-- Directions for this task --
Your copy of the lines below must match them exactly and contain no images.
#### Material shown ####
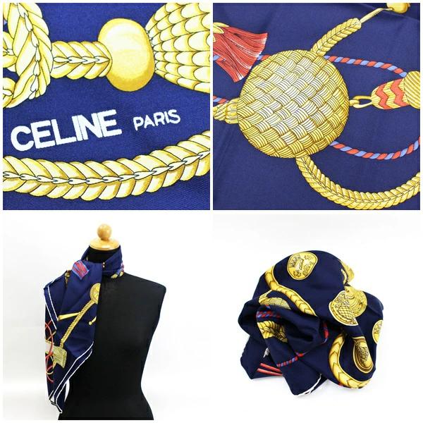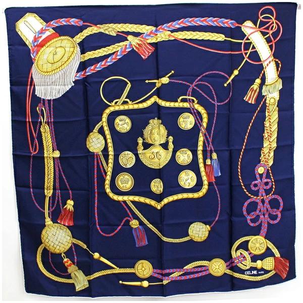 商品名セリーヌ 未使用 シルク スカーフ ネイビー タッセル柄 CELINE
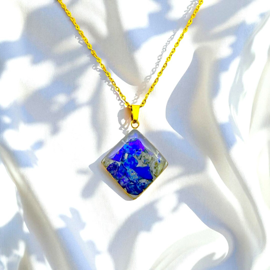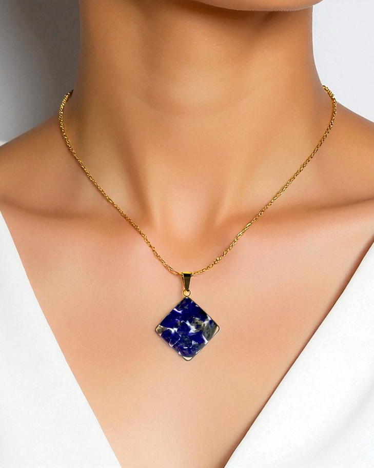 Işıkta renk değiştiren kare kolye altın rengi zinciriyle göz kamaştırıcı bir parıltı kazandırırken, boyuna yerleşimi şık bir odak noktası sunuyor.
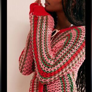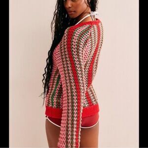 Free People FP Beach Dayton Striped Pullover Sweater Flamingo Combo
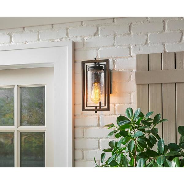 Palermo Grove 12.5 in. 1-Light Hardwired Gilded Iron Outdoor Wall Light Lantern Sconce with Incandescent Bulb
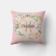 Pretty monogram throw pillow featuring a name and script surname initial that is framed by a delicate watercolor rose garland floral on a pink geode agate background. Personalise to create a special keepsake gift to treasure! Designed by Thisisnotme©
####
-- Result below --
 商品名セリーヌ 未使用 シルク スカーフ ネイビー タッセル柄 CELINE
 Işıkta renk değiştiren kare kolye altın rengi zinciriyle göz kamaştırıcı bir parıltı kazandırırken, boyuna yerleşimi şık bir odak noktası sunuyor.
 Free People FP Beach Dayton Striped Pullover Sweater Flamingo Combo
 Palermo Grove 12.5 in. 1-Light Hardwired Gilded Iron Outdoor Wall Light Lantern Sconce with Incandescent Bulb
 Pretty monogram throw pillow featuring a name and script surname initial that is framed by a delicate watercolor rose garland floral on a pink geode agate background. Personalise to create a special keepsake gift to treasure! Designed by Thisisnotme©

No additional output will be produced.